■ About this task: Take the entries below and print only the lines from the one with "The Denali Freedom Fort" through the one with "Dalam kegiatan tersebut, para", exactly as they stand, both ends included.

■ Extracted information:
========================================
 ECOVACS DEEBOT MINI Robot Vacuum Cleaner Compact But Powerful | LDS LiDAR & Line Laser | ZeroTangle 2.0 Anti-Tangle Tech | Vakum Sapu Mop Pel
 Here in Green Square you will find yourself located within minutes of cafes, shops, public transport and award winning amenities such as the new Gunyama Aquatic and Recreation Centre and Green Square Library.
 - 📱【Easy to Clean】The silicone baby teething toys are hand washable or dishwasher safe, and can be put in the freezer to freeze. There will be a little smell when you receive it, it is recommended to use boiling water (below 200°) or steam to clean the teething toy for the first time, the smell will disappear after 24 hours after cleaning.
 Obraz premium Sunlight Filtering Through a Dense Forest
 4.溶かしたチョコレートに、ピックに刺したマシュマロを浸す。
========================================
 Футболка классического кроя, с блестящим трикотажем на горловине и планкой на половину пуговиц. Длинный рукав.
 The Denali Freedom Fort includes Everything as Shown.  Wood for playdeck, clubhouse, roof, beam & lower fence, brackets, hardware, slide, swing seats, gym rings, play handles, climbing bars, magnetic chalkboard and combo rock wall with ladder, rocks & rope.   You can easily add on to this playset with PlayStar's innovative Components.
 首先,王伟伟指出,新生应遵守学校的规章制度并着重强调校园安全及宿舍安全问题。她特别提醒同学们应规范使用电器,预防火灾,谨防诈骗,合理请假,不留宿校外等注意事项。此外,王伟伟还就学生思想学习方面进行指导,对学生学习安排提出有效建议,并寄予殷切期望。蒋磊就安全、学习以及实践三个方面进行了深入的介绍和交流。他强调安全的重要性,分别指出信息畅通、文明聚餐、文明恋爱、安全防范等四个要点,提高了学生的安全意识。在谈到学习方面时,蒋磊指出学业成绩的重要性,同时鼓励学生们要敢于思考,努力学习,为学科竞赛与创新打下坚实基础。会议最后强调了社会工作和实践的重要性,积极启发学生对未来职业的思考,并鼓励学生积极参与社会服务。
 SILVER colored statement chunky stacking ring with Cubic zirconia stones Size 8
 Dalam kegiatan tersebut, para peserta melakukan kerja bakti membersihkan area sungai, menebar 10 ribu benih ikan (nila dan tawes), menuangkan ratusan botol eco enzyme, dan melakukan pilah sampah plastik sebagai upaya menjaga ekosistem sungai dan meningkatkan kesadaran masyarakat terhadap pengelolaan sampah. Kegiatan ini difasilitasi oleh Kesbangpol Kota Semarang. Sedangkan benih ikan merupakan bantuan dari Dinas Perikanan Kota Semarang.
========================================
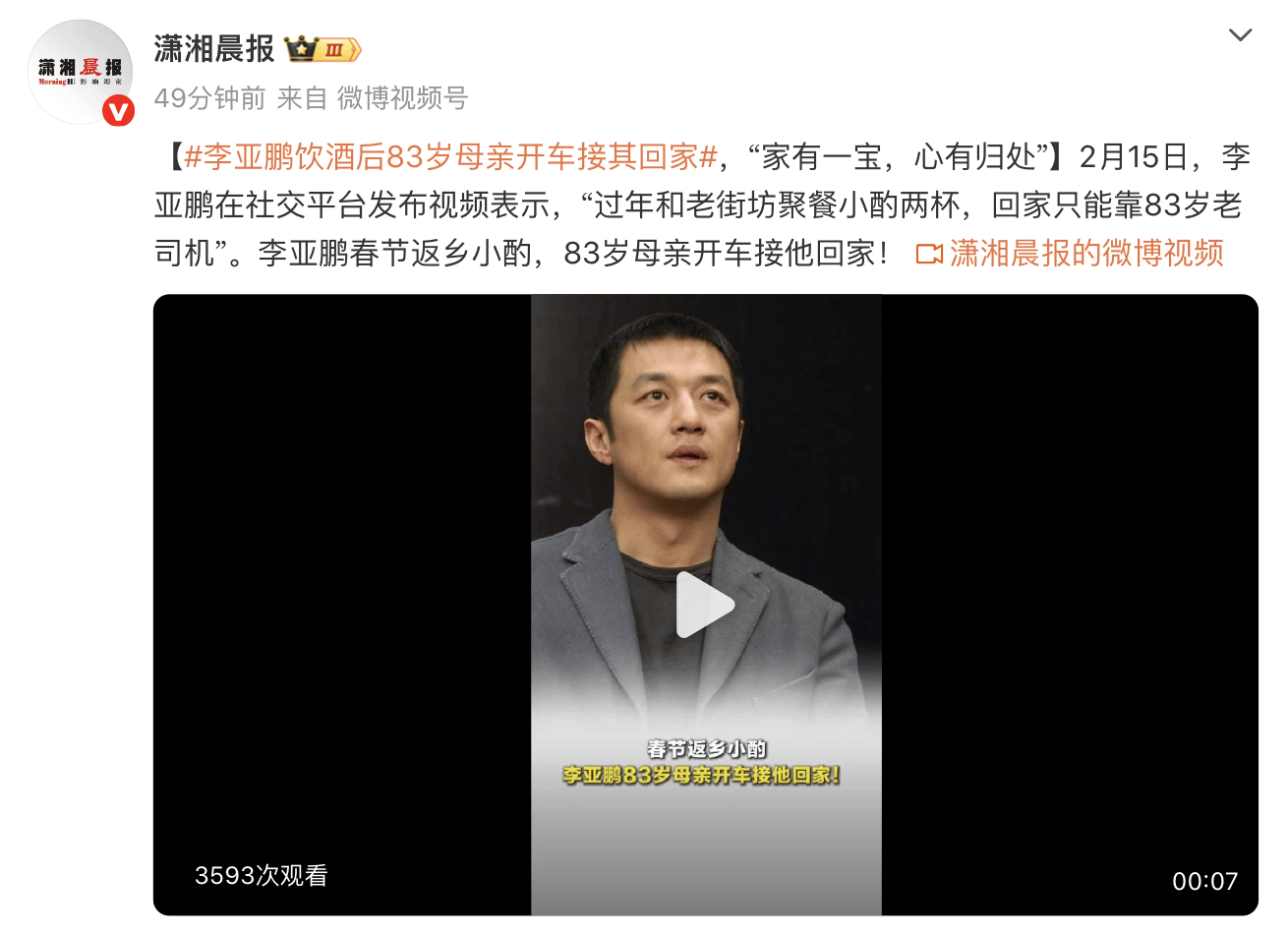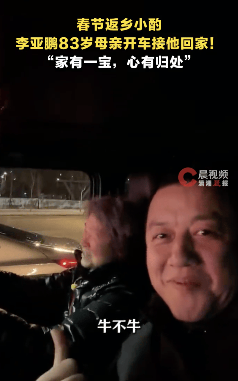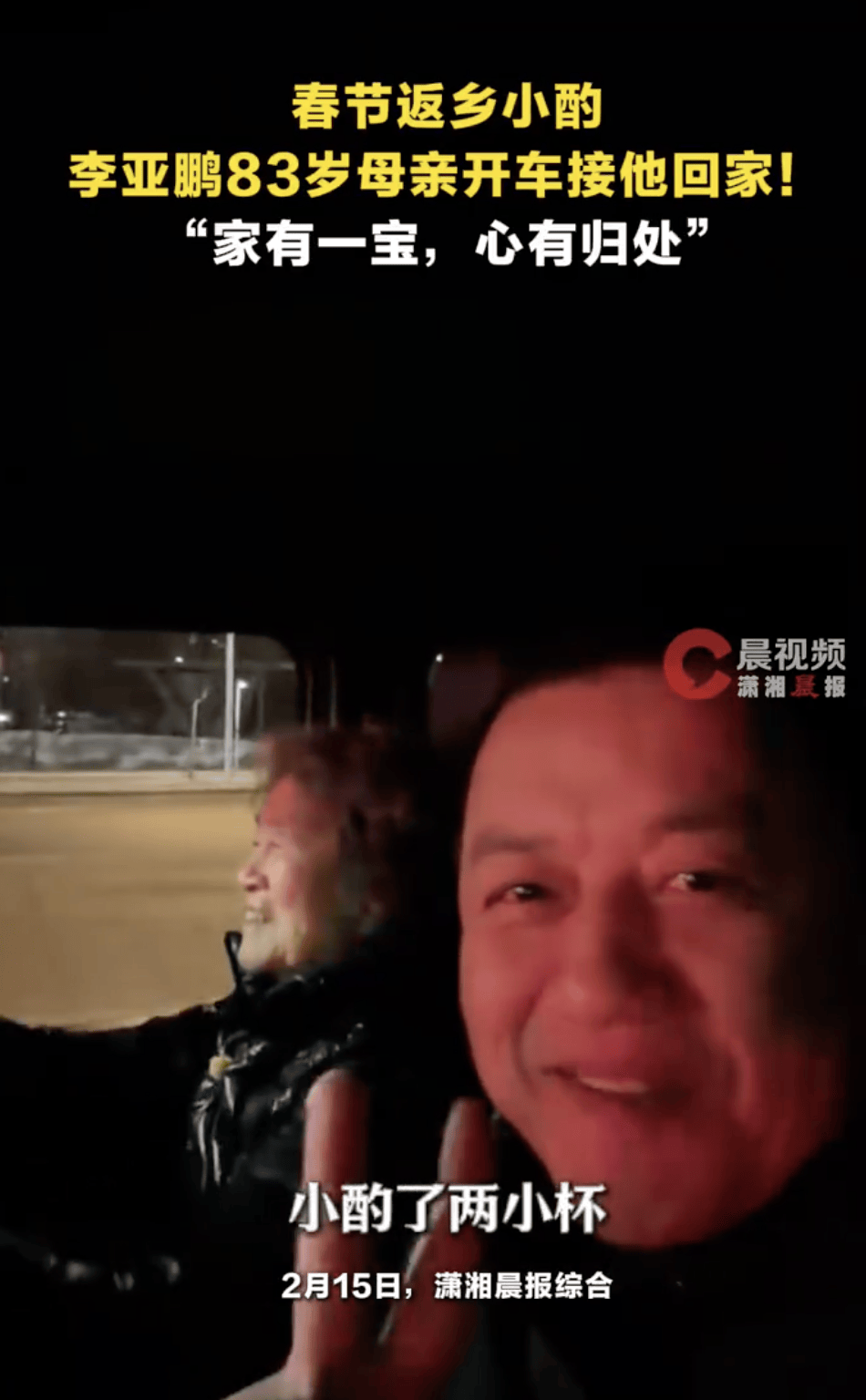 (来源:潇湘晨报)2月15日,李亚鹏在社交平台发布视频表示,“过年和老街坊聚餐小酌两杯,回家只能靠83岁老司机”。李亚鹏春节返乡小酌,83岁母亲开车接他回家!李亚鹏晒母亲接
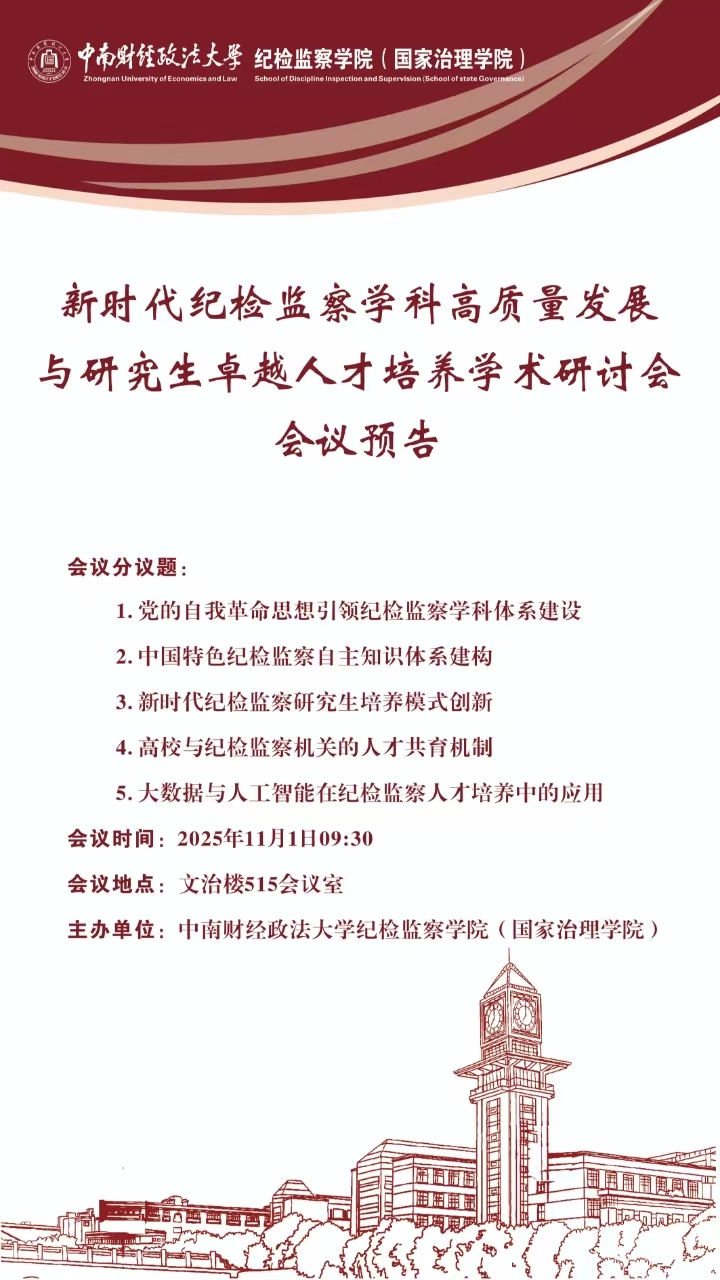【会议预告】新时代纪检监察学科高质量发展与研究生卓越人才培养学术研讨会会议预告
========================================
■ Solved exercise:
 The Denali Freedom Fort includes Everything as Shown.  Wood for playdeck, clubhouse, roof, beam & lower fence, brackets, hardware, slide, swing seats, gym rings, play handles, climbing bars, magnetic chalkboard and combo rock wall with ladder, rocks & rope.   You can easily add on to this playset with PlayStar's innovative Components.
 首先,王伟伟指出,新生应遵守学校的规章制度并着重强调校园安全及宿舍安全问题。她特别提醒同学们应规范使用电器,预防火灾,谨防诈骗,合理请假,不留宿校外等注意事项。此外,王伟伟还就学生思想学习方面进行指导,对学生学习安排提出有效建议,并寄予殷切期望。蒋磊就安全、学习以及实践三个方面进行了深入的介绍和交流。他强调安全的重要性,分别指出信息畅通、文明聚餐、文明恋爱、安全防范等四个要点,提高了学生的安全意识。在谈到学习方面时,蒋磊指出学业成绩的重要性,同时鼓励学生们要敢于思考,努力学习,为学科竞赛与创新打下坚实基础。会议最后强调了社会工作和实践的重要性,积极启发学生对未来职业的思考,并鼓励学生积极参与社会服务。
 SILVER colored statement chunky stacking ring with Cubic zirconia stones Size 8
 Dalam kegiatan tersebut, para peserta melakukan kerja bakti membersihkan area sungai, menebar 10 ribu benih ikan (nila dan tawes), menuangkan ratusan botol eco enzyme, dan melakukan pilah sampah plastik sebagai upaya menjaga ekosistem sungai dan meningkatkan kesadaran masyarakat terhadap pengelolaan sampah. Kegiatan ini difasilitasi oleh Kesbangpol Kota Semarang. Sedangkan benih ikan merupakan bantuan dari Dinas Perikanan Kota Semarang.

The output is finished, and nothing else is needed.